Another big splash: the United States is China’s favored destination for real estate investment (see chart above). This has included commercial jewels such as New York’s Waldorf Astoria ($1.95 billion to Angbang Insurance) and the Chase Manhattan Plaza ($725 million to Fosun). But the bigger sums have been spent in all-cash deals by wealthy Chinese for residential properties (Cushman & Wakefield, “China’s Outbound Boom: The Rise of Chinese Investment in Global Real Estate“, October 2014, p. 12).

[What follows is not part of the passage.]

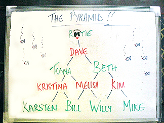 ![]() Tomorrow is our last diving day. Michael wanted us to make a diver pyramid. So, he posted a diagram of how we were going to set up. |

Last but not least, China has polar ambitions
Though the closest Chinese territory gets to the Arctic Circle is a thousand miles away, China nonetheless calls itself a “near-Arctic state”. Chinese oil company Cnooc has a majority share in Iceland’s Dreki oil and natural gas field, and Beijing established the Arctic Yellow River Station, a permanent research facility on Norway’s Spitsbergen Island. In Antarctica, China has four research stations, structures that allow nations to stake a claim to the continent. Plans for a fifth station at a place called Inexpressible Island are under way. It is positioning itself to move for the continent’s resources when a 1959 treaty guaranteeing its wilderness status expires in 2048.
Some of the infrastructure China is creating around the world will align with Western economic interests. But to the extent that it does, that will be inadvertent. Some of the most modern transportation infrastructure going up not only in China, but around the developing world, is deliberately linked to China. It is meant to make the global economy a friendly place for Chinese commerce.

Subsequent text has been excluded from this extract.